In the fields of Jack there is also maize for sure. There are many varieties, blue, red, yellow, white and popcorn maize, all organically grown. He also grows soybeans, ray, wheat, clover, vetch and many more things in a seven year crop rotation. But his two hundred heads of Murray gray cattle, mixed with Angus are “grass-fed” and rarely eats any maize or soy. That he sells the grass-fed cattle meat for a premium price to a special market says a lot about how modern farming has developed, what is—what should be—normal has become an exclusive niche. Grass is still the best feed for cattle. Not only is it better for them, but it is also better for the eater if the beef or the cheese is “made of grass”. Grass-fed milk, meat or eggs contain better fats, such as higher levels of omega 3 and conjugated linoleic acid (CLA). And lately, some consumers show their appreciation of this by paying Jack a better price for grass fed beef, while other market forces coerce Argentinean farmers into plowing the Pampas and confining their cattle into feedlots.

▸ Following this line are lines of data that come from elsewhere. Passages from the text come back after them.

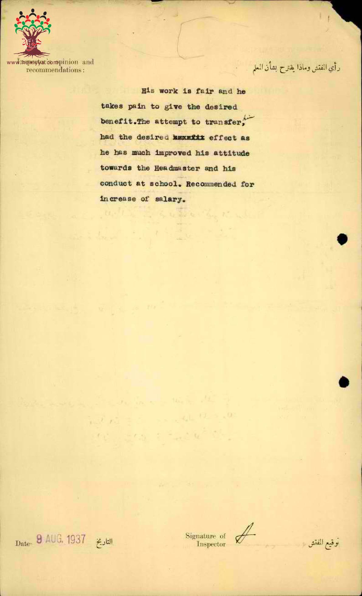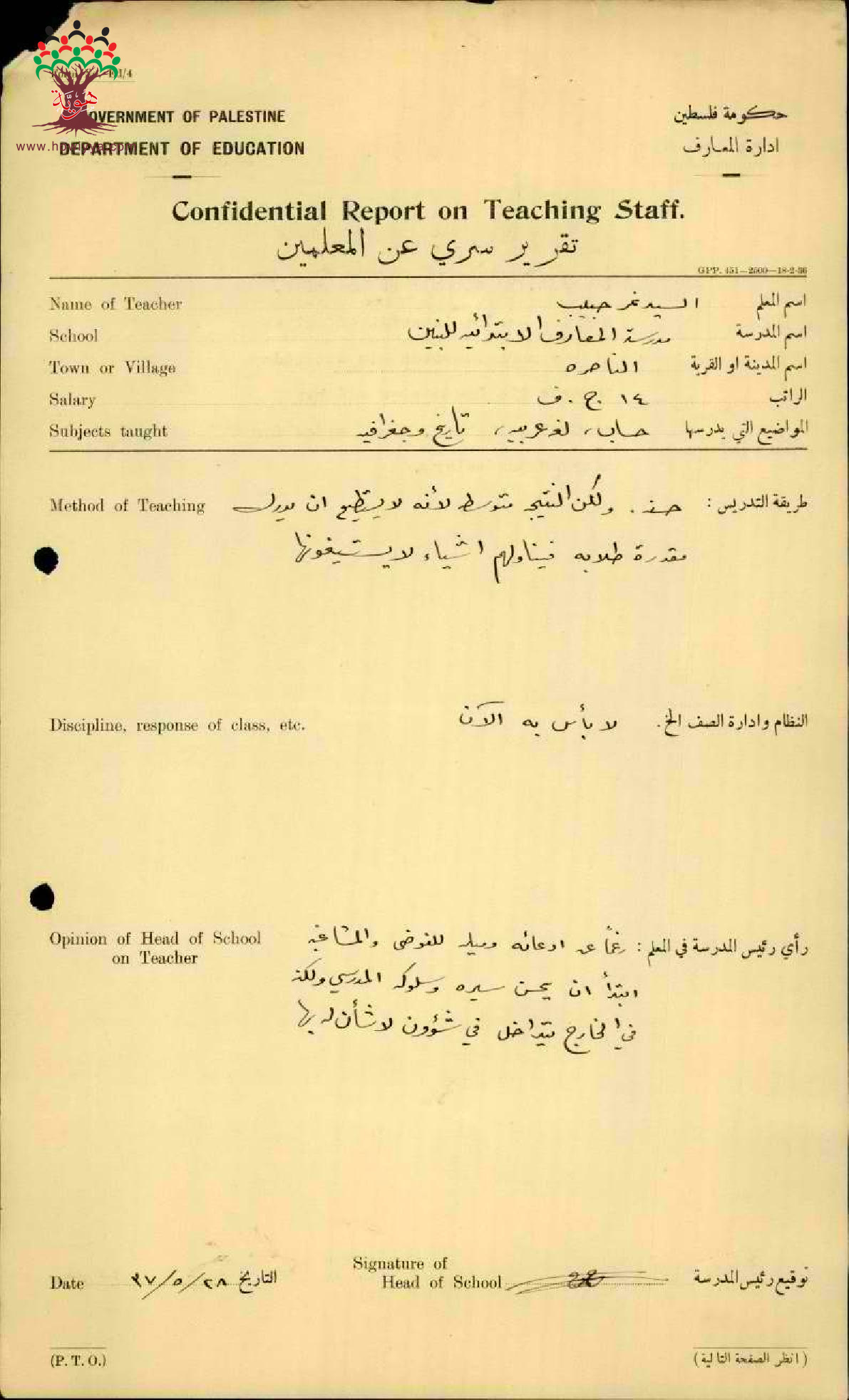 تقرير تفصيلي عن أداء المعلم نمر حبيب العليمي في مدرسة الناصرة سنة 1937
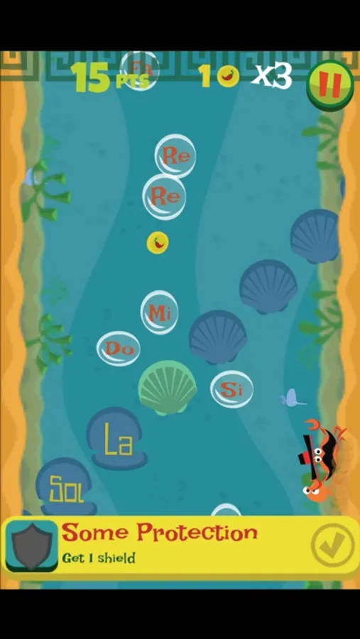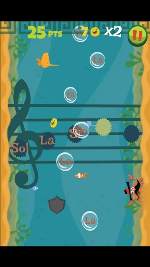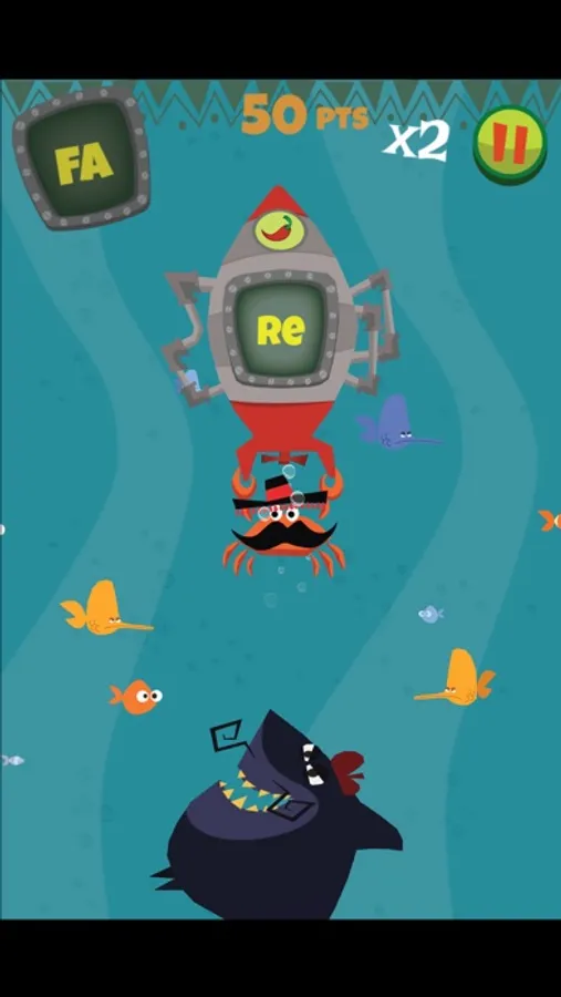 By helping Chili Crab escape from Le Shark, the sinister french shark, your child will have a first contact with the names of the musical notes and their ascending (do - re - mi - fa - sol - la - si) and descending (do - si - la - sol - fa - mi - re) sequences.
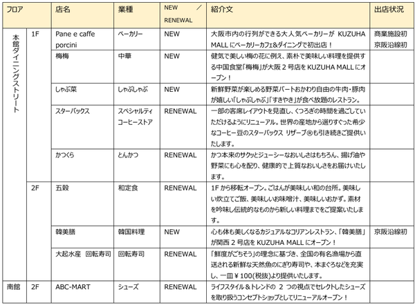 株式会社京阪流通システムズ(本社:大阪市中央区、代表取締役社長:松下靖)が運営する京阪電車 樟葉駅に隣接のショッピングモールKUZUHA MALL(大阪府枚方市楠葉花園町15-1)では、2023年春より1年間かけて段階的にリニューアルを実施してきました。
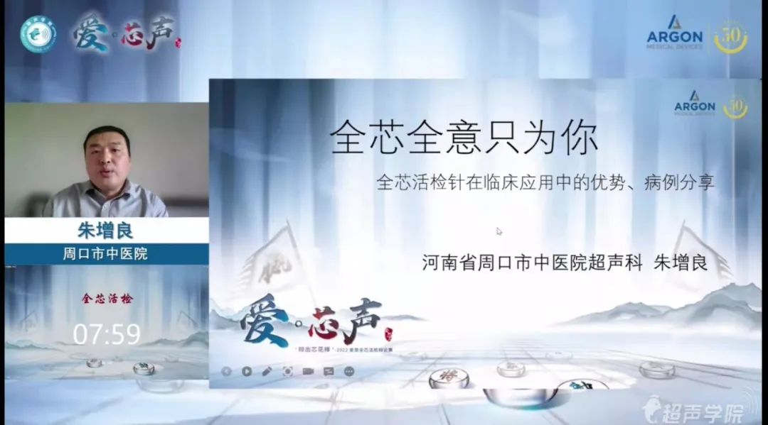 周口市中醫院超聲科朱增良受邀在2022年“辯出芯花樣”全芯活檢VS側切槽活檢辯論會上做經驗分享
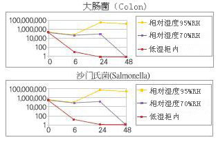 结果:如上图所示,只有存储于低湿环境中,才可抑制细菌生长
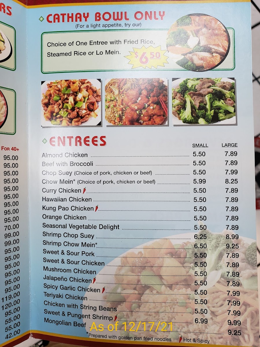 Introducing the Menu at Cathay Chinese Food
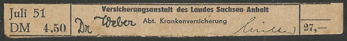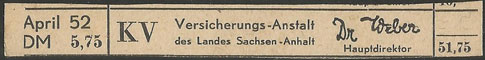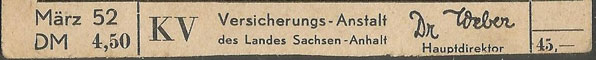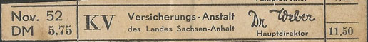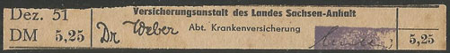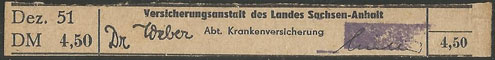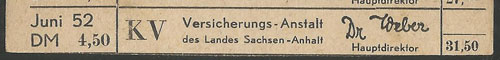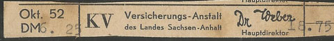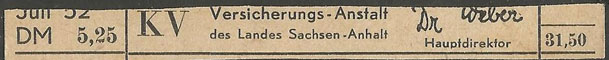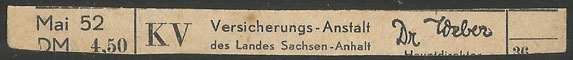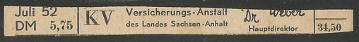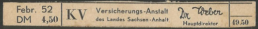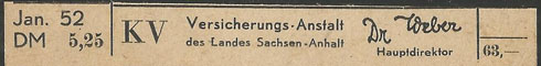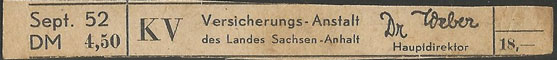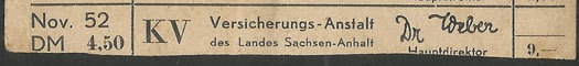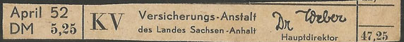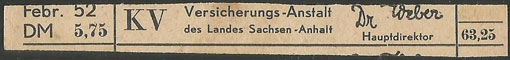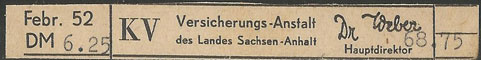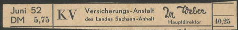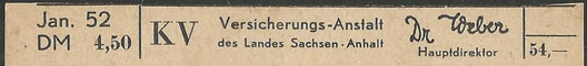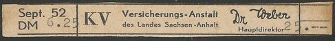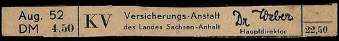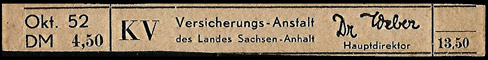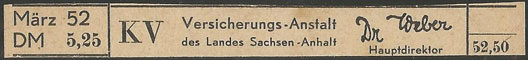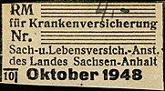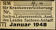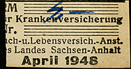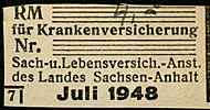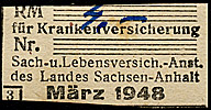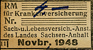 | Krankenversicherung des Landes Sachsen-Anhalt Wert 4,- RM (handschriftlicher Werteintrag) | |||||||||||||

[i] Diet and Delocalization: Dietary Changes since 1750, Gretel H. Pelto and Pertti J. Pelto, Journal of interdisciplinary History, vol 14 No 2, 1983 pp. 507-528
[ii] Argentina Independent 2013, Argentina’s Beef Industry: A Fall From Grace, Sabrina Hummel, 30 May 2013. http://www.argentinaindependent.com/currentaffairs/argentinas-beef-industry-a-fall-from-grace/ accessed 31 December
[iii] Beef 2013, Argentina Provides A Lesson In How to Ruin a Beef Industry, Sep. 26, 2013, Paul Queck, http://beefmagazine.com/beef-exports/argentina-provides-lesson-how-ruin-beef-industry
[iv] Heinrich Böll Foundation, 2014, Meat Atlas.